Data shown: Begin

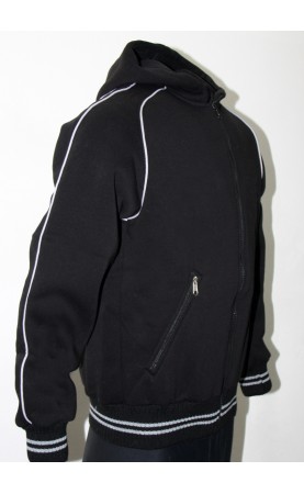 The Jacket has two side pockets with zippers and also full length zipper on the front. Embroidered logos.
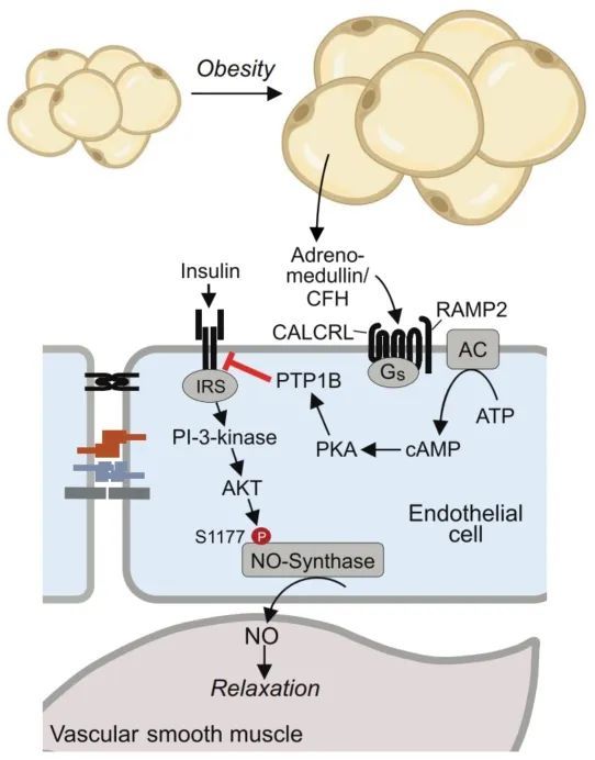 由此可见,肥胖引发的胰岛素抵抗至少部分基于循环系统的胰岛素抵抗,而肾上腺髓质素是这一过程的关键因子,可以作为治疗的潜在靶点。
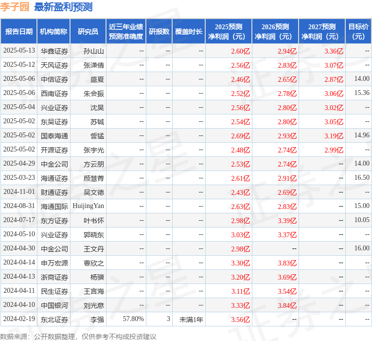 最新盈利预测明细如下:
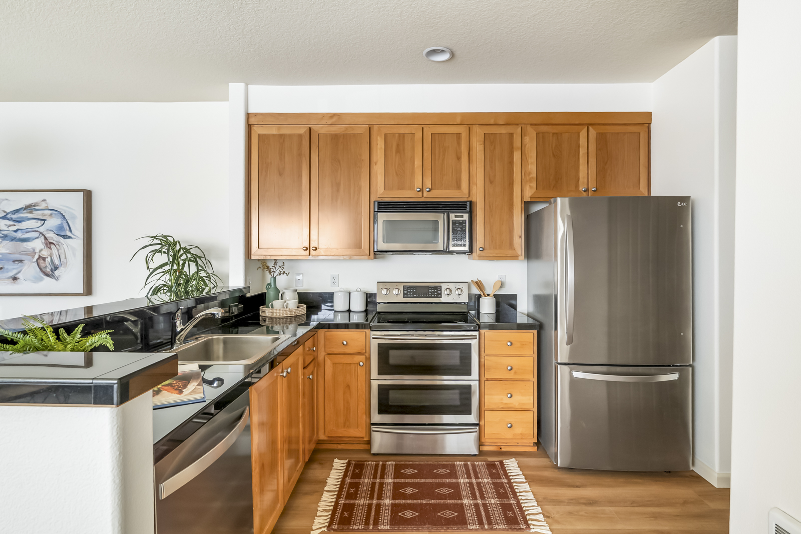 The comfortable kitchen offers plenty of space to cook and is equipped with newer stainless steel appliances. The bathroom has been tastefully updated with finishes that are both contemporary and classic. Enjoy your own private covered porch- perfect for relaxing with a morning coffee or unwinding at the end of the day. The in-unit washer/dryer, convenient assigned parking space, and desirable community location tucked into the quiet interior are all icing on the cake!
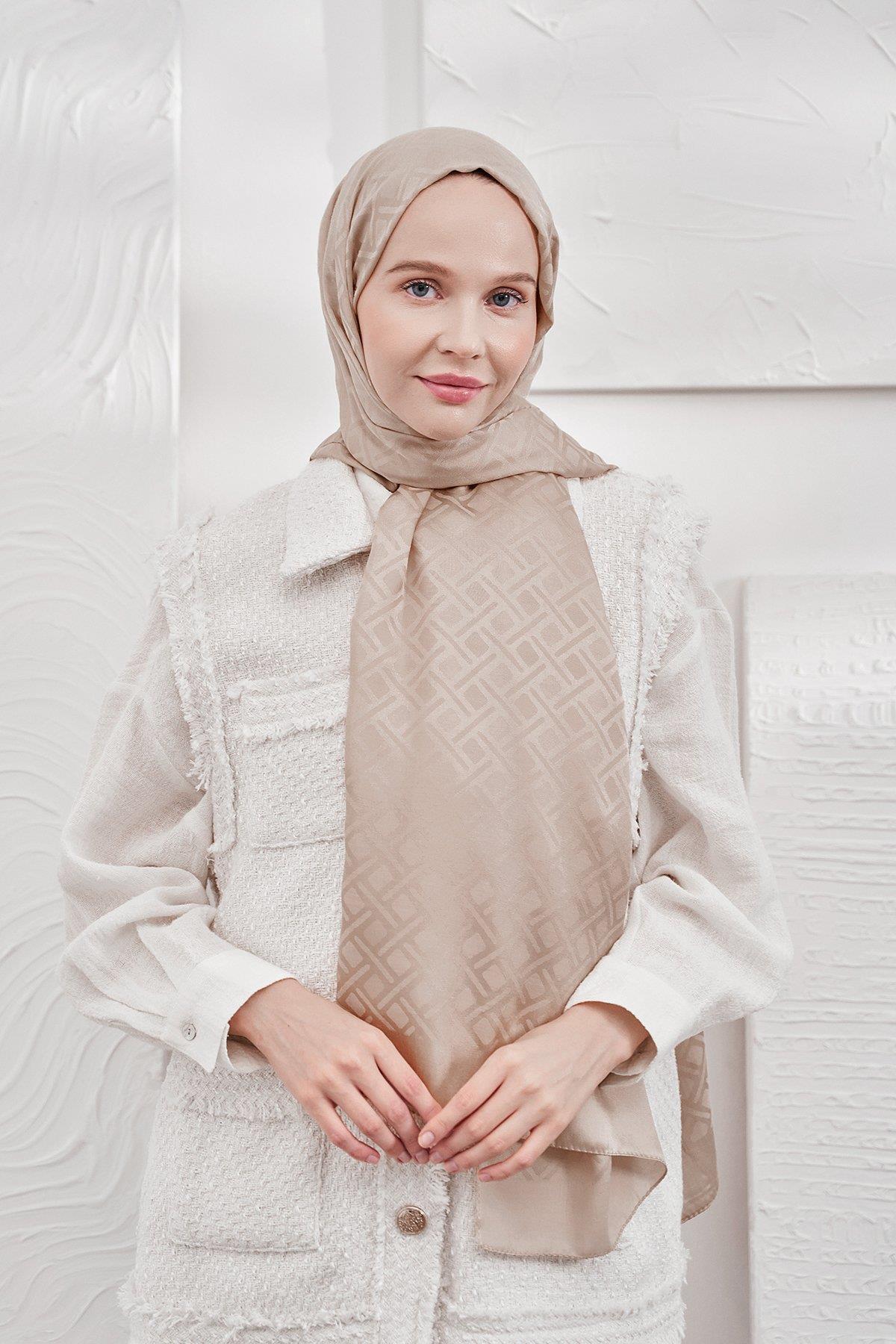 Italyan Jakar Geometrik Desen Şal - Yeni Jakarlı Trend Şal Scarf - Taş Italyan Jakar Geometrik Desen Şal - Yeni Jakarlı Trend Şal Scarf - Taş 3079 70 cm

Data shown: End

▶ What to produce
The reply should hold every record, unchanged, and no pictures.

▶ The completed task
 The Jacket has two side pockets with zippers and also full length zipper on the front. Embroidered logos.
 由此可见,肥胖引发的胰岛素抵抗至少部分基于循环系统的胰岛素抵抗,而肾上腺髓质素是这一过程的关键因子,可以作为治疗的潜在靶点。
 最新盈利预测明细如下:
 The comfortable kitchen offers plenty of space to cook and is equipped with newer stainless steel appliances. The bathroom has been tastefully updated with finishes that are both contemporary and classic. Enjoy your own private covered porch- perfect for relaxing with a morning coffee or unwinding at the end of the day. The in-unit washer/dryer, convenient assigned parking space, and desirable community location tucked into the quiet interior are all icing on the cake!
 Italyan Jakar Geometrik Desen Şal - Yeni Jakarlı Trend Şal Scarf - Taş Italyan Jakar Geometrik Desen Şal - Yeni Jakarlı Trend Şal Scarf - Taş 3079 70 cm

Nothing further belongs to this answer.